Processes interact with the kernel via syscalls (INT 0x80):
| Syscall | Description |
|---|---|
SYS_EXIT |
Exit process with status code |
SYS_FORK |
Create child process (duplicate) |
SYS_EXECVE |
Replace process image with new program |
SYS_WAITPID |
Wait for child process to exit |
SYS_GETPID |
Get current process ID |
SYS_GETPPID |
Get parent process ID |
SYS_GETUID |
Get user ID |
SYS_SETUID |
Set user ID (requires root) |
SYS_GETGID |
Get group ID |
SYS_SETGID |
Set group ID (requires root) |
SYS_SBRK |
Grow/shrink heap |
SYS_MMAP |
Map memory region |
SYS_YIELD |
Voluntarily yield CPU |
SYS_SLEEP |
Sleep for milliseconds |
The global process table process_table[256] stores all active processes:
- PID 0: Idle process (runs when no other process is ready)

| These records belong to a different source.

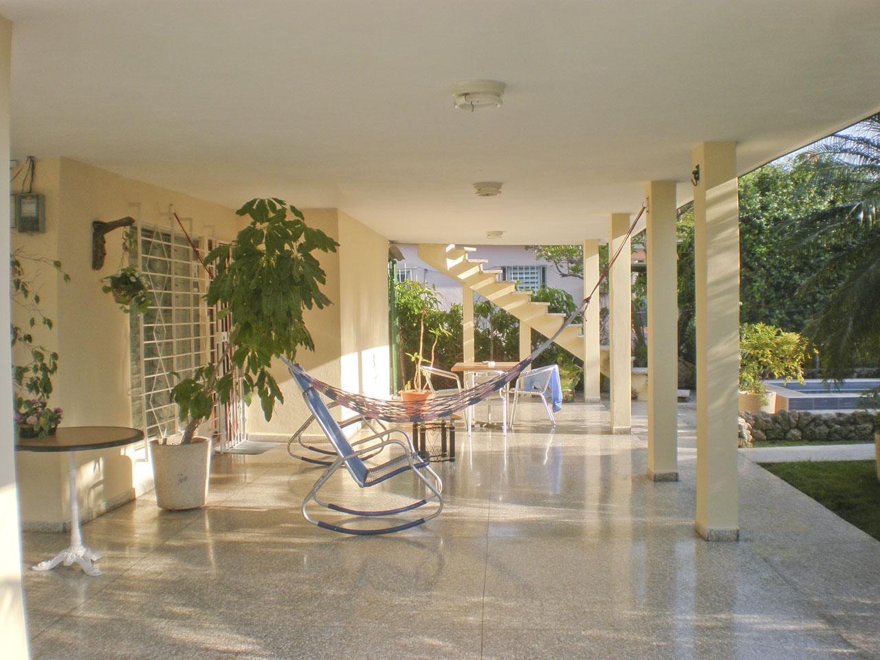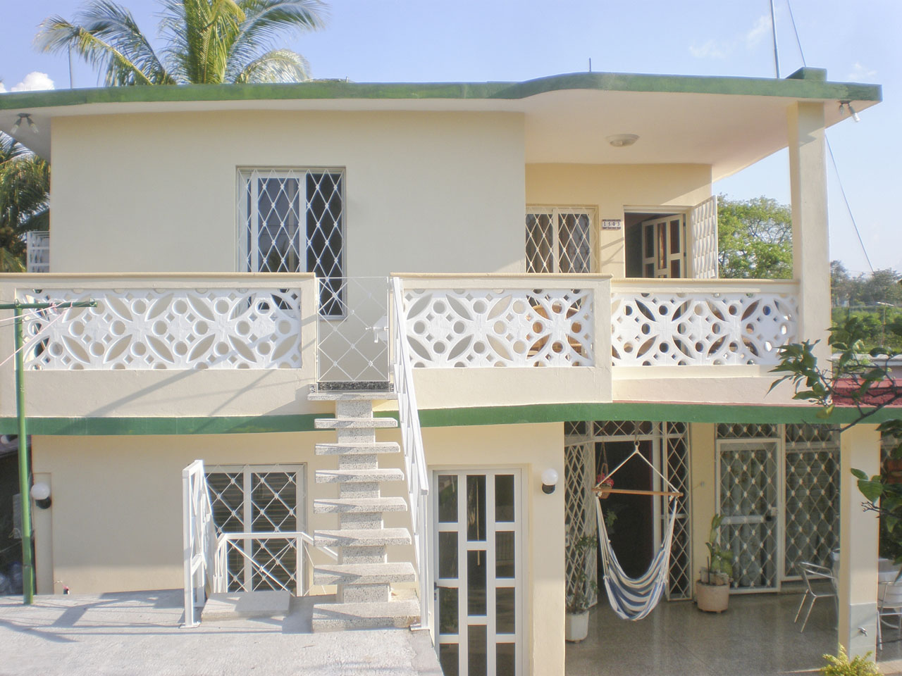 Al primo piano un appartamento completo e indipendente con due stanze, due bagni, una sala con cucina e una enorme terrazza. La casa dispone di un porticato molto ampio dove si può mangiare e oziare ; inoltre c’è una piccola piscina per rinfrescarsi dalla calura dei caraibi. Si può parcheggiare la macchina all’interno della recinzione della casa.
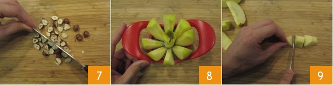 Mientras tanto, prepara el relleno: tritura las avellanas en trozos grandes 7, luego lava la manzana y córtala en gajos, eliminando el corazón 8. Finalmente, pela los gajos de manzana y córtalos en cubos 9.
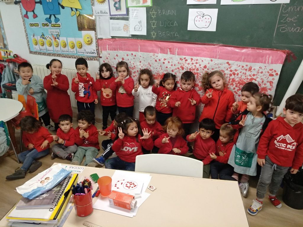 Durant la setmana passada a la classe dels Sols, Solets, han dut a terme diverses activitats i propostes entorn del color vermell, jocs, tallers, activitats, cançons, etc. I per últim el divendres van fer la festa del color vermell!!. Una superfesta on tots els nens i nenes van venir amb una peça de roba de color vermell.
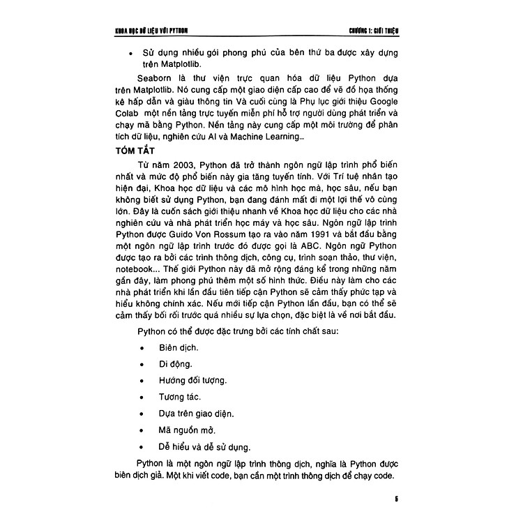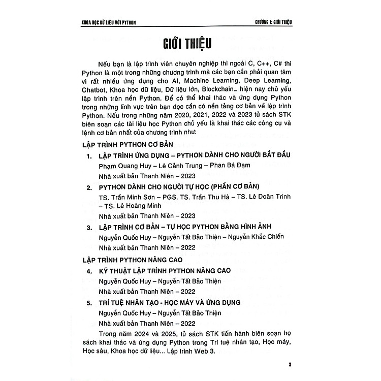 - Chương 1 và 2 cung cấp giới thiệu về sách và cài đặt Python.
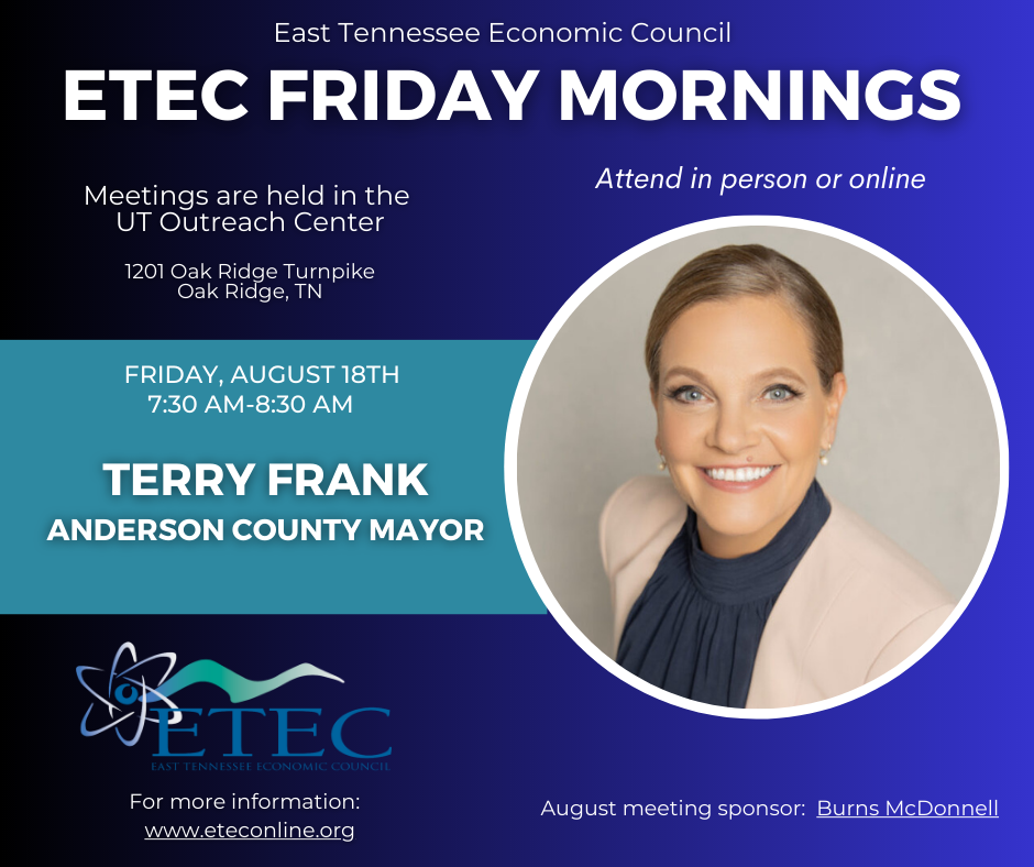 Join us on Friday, August 18th, 2023, to hear from Terry Frank, Mayor of Anderson County

- PID 1-255: User/kernel processes
- Protected by RWLock for concurrent access
ModuOS process management provides:
✅ Modern CFS scheduler for fair CPU distribution
✅ User/kernel mode isolation with separate address spaces
✅ POSIX-compatible fork/exec/waitpid
✅ Lazy FPU switching for performance
✅ Per-process file descriptors and filesystem context
✅ User identity management (UID/GID)
✅ Zombie process handling with proper reaping
This enables ModuOS to run complex multi-process applications with proper isolation and fairness!